A quiet walk of love and guidance shared between father and daughter.

That’s the way Pappy was—he would take me to movies that were probably inappropriate for my age, not because he wanted an excuse to see them but because he considered it an effective way to open my mind.

For a number of reasons, I was not able to spend much time with Pappy, but the few moments we did share are unforgettable for their practicality as well as their emotional connections. Watching movies, reading novels, writing stories, appreciating music, shooting photographs, driving—all these remained with me, in theory and in practice, some of which I have passed on to my kids.

A place of prayer and memory, where faith and family traditions quietly shaped my early years.
 

Pappy also tried to impart religiosity upon us. My siblings and I were raised and educated the Catholic way, with Sunday Mass at Sta. Cruz Church being the highlight of our week (all right, for me, it was the post-service visit to nearby Ha Yuan restaurant for my favorite siopao and mami). This went on until we all entered the University of the Philippines, where critical thinking paired up with individuality to free us from the vicissitudes of religion, similar to how John Keating (played by Robin Williams) unshackled his prep school students’ minds in Dead Poets Society.

Although he knew that our going to UP instead of a university run by religious orders might undo all those years of Catholic indoctrination, Pappy did not interfere. In fact, he was proud of what we had achieved.
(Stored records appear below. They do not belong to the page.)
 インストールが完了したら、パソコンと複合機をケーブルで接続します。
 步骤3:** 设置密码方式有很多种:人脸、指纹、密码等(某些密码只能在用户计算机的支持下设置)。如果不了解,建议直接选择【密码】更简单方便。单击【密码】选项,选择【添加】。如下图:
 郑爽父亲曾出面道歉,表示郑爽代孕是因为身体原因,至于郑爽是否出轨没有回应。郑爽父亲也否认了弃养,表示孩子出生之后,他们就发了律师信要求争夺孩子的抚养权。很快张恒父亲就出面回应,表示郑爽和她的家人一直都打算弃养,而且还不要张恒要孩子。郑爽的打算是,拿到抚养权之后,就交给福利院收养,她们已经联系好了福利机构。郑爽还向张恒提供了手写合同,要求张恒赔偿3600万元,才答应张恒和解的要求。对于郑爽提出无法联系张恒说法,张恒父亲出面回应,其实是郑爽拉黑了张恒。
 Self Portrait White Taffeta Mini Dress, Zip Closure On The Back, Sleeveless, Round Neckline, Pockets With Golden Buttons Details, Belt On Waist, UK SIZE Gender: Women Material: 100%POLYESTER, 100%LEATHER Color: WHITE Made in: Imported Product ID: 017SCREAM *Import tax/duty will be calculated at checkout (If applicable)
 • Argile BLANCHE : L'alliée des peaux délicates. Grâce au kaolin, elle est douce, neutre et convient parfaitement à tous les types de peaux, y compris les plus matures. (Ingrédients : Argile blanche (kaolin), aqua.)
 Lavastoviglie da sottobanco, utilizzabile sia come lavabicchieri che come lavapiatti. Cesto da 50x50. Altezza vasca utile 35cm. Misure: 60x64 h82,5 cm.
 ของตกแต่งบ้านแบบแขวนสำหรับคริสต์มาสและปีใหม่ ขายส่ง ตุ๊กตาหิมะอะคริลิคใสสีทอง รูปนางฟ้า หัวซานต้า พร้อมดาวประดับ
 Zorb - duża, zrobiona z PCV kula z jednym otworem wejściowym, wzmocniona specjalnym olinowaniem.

Since he passed away in his 60s, I imagine that in the Catholic afterlife, Pappy must still have played a part in our lives, or at the very least, saw how we turned out.
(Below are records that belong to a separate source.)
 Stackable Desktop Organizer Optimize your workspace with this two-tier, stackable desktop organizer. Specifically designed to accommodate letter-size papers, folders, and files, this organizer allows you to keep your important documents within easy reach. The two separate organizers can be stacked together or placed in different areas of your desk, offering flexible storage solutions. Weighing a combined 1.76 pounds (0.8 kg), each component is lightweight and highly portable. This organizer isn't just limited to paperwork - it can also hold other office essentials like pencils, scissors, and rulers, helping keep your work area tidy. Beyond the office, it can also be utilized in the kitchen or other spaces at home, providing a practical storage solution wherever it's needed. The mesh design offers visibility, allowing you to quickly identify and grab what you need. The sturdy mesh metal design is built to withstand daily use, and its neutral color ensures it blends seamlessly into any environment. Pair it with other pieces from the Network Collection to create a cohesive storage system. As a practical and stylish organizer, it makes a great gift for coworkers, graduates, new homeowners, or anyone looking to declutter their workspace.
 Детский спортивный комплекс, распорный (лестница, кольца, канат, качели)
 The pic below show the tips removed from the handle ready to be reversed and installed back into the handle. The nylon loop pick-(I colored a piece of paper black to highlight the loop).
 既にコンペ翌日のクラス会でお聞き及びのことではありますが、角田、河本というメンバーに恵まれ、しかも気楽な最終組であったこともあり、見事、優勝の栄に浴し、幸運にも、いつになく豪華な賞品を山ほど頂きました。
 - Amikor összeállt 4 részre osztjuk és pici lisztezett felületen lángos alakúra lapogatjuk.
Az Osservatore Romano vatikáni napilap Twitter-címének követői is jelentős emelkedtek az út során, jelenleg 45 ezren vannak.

After our mother’s demise—we recently commemorated her 40th day—I have been contemplating more and more about mortality, particularly mine, in the context of my legacy, and by legacy, I am not referring to material wealth but life lessons. I hope that I would be remembered for how I have lived my own life, how I treated people, the things I have said and done; in other words, I would want to be missed.
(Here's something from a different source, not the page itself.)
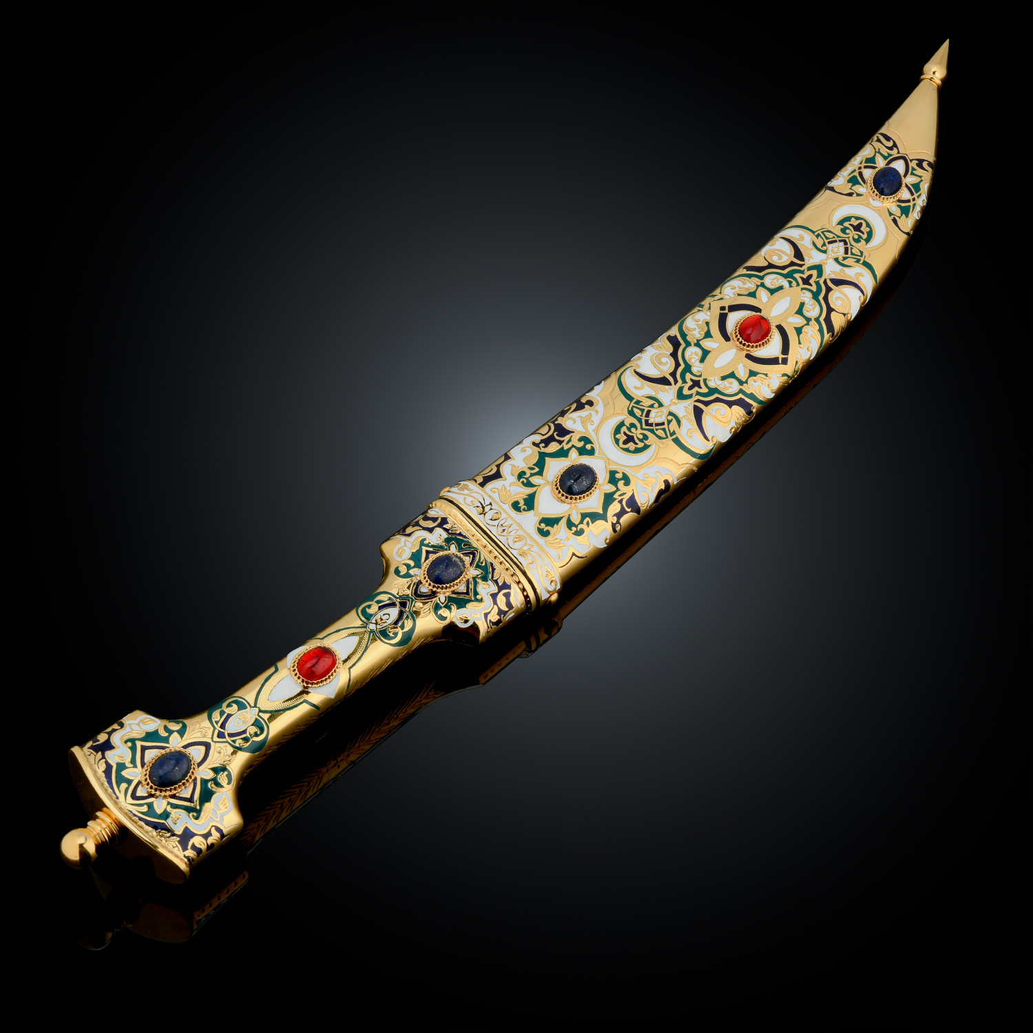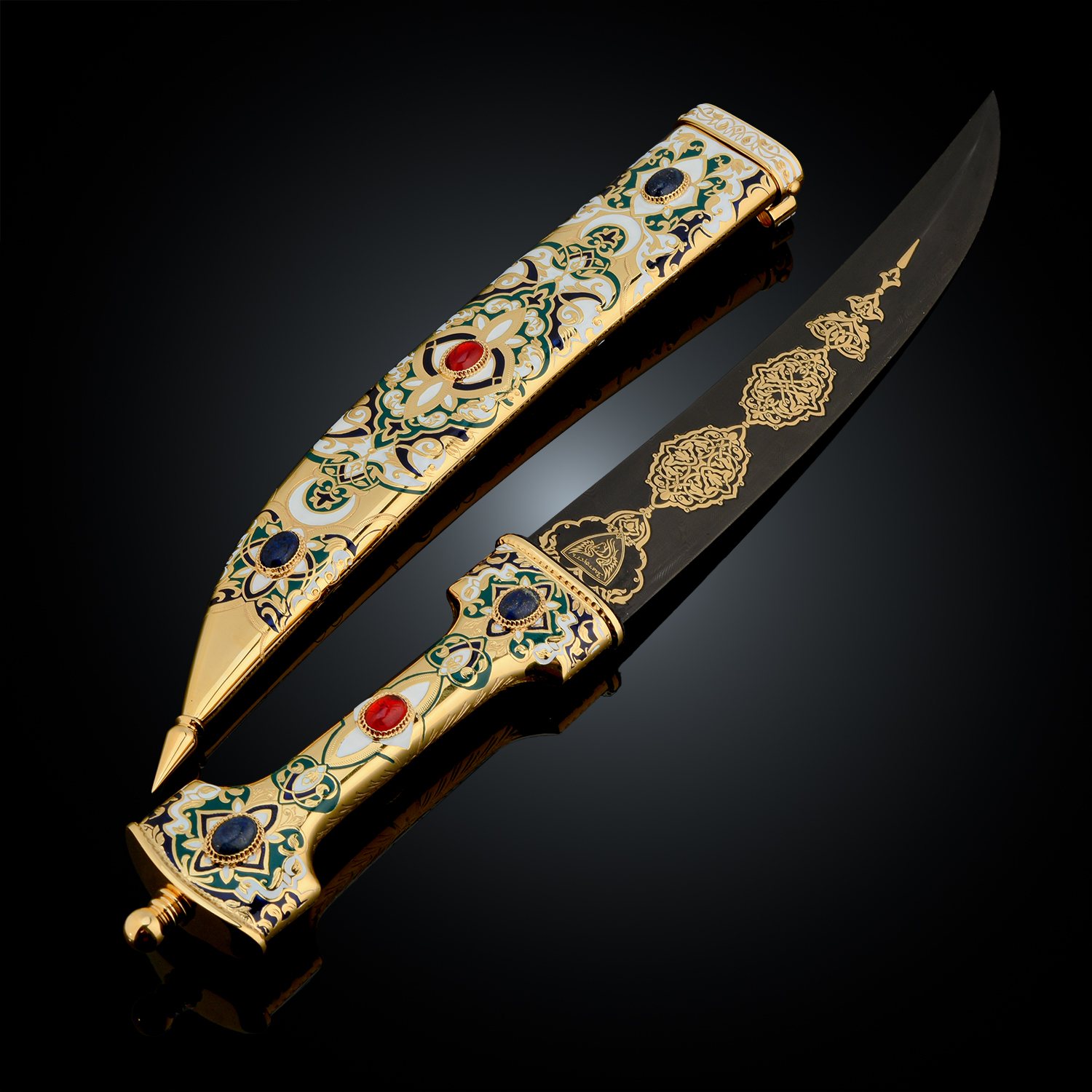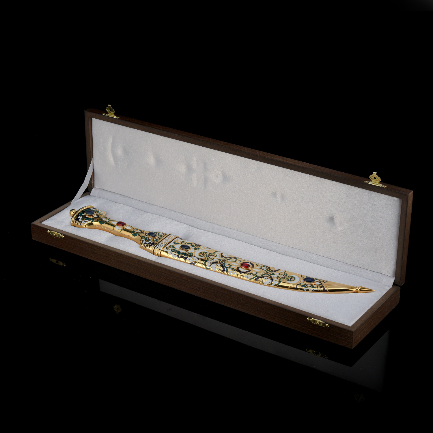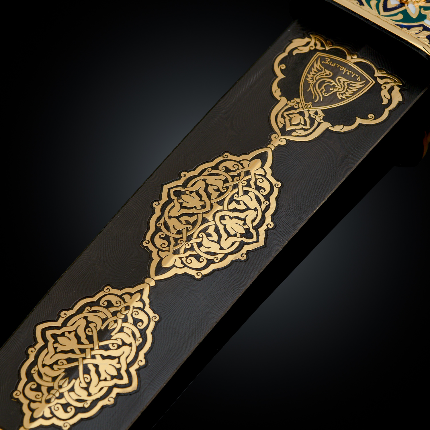 Кинжал сувенирный "Бебут". Златоуст.Материалы: дамасская сталь, латунь, никель, золото 999,9*, эмаль, кабошоны.

A quiet path to the horizon, reflecting a search for faith, meaning, and the people we miss.

If I dare to again explore my forgotten faith and return to Our Father’s home like the Prodigal Son, I just might find my way again. I don’t know if my Camino de Santiago pilgrimage two years ago was a sign of things to come, but if it was, it was a pretty good place to start.

And perhaps that is why watching Jesus Christ Superstar at this point in my life hits differently, more deeply. When I first heard it as a child, I was captivated by the music. As a teenager, I was fascinated by its narrative. Today, I find myself reflecting on it as Jesus did in the Garden of Gethsemane.

In Act Two, Jesus cries out: “I’d want to know, I’d want to know, My God / Want to see, I’d want to see, My God.” It is a line filled with uncertainty but also with hope—the hope that there is something beyond our limited understanding.

Like sharing a final cup of tea with the Grim Reaper, a quiet pause before a hoped-for reunion beyond life.

I am neither an atheist nor an agnostic, but I do question far more than I would believe. As I grow older, and as more of the people I know depart ahead of me—there have been a few of them this year alone—I find myself wanting to know, wanting to see what really lies ahead after taking the Grim Reaper’s cup of tea in Guardian: The Lonely and Great God.

If there is, indeed, something after this life, then someday I will see my father again. I would want to remember him and him to recognize me. Like all the other fathers I have known—good fathers, flawed fathers, absent fathers, heroic fathers—he ought to be there somewhere in that great celestial reunion. He should be there.

And then, what will we talk about? I honestly do not know. Perhaps we will argue about some classic movie. Perhaps I will thank him for all the things I only learned to appreciate after becoming a parent myself. Perhaps we will discuss whether Jesus Christ Superstar was better on stage or on film.

Or perhaps, as always, we will simply watch a movie together. That would be enough.